Here are the seven lessons Martinovich thinks readers can take away from his story. He believes that any one of these lessons, had he acted other than he did, might have spared him from prison.
- Never settle. “If I had fought more in the regulatory environment, then the matter wouldn’t have ended up as a criminal matter,” Martinovich says. “Had I decided to fight FINRA harder, had I refused to settle and prevailed [in the administrative process], then I might have paid a fine, but FINRA would not have handed my file over to the Justice Department, where the fact that I settled was used as evidence against me.”
- Do not agree to any regulator’s informal requests to be part of experiments such as beta tests, early adoptions, surveys or anything that attracts attention. Firmly decline any informal overtures for interviews, data or documents. “It’s tempting to be helpful,” Martinovich notes. “Maybe you think it’ll earn you some points down the road. It won’t.”

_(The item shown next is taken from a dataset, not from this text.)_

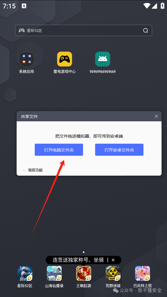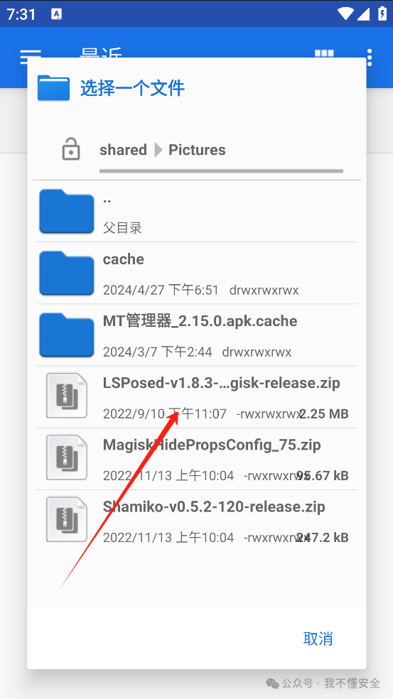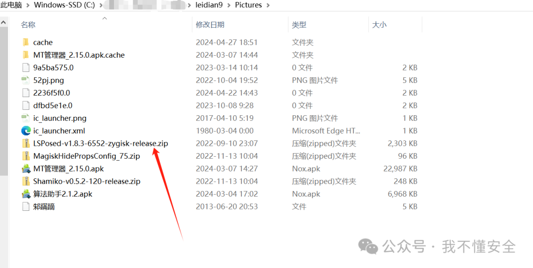 重启后生效,接下来安装lsp框架,这个lsp框架是压缩包形式,安装到面具里面的,所以我们可以先adb push到模拟器的目录里,也可以利用雷电模拟器的共享文件功能将文件存放进去,存放进去的目录是在模拟器的picture目录

- In a compliance exam, audit or investigation, assume that the overarching motive of the regulators is different from the stated reason.
- Understand that all the signoffs by the consultants, external auditors and valuation experts you pay won’t protect you. “The broker/dealer is ultimately responsible,” Martinovich says.
- Don’t believe assurances that civil matters will not be referred to criminal authorities. “Such referrals happen all the time,” Martinovich says. “The fact of the settlement will become a key piece of evidence against you, despite the fact that court rules are supposed to prohibit this.”
- Manage your business as if every single text and email will eventually be inspected by regulators or a jury and will be presented in the worst possible light.
- Keep as much capital in reserve as possible against black swan events. “If regulators see that a target brokerage has a large war chest and is willing to use it, they will often back off,” he says.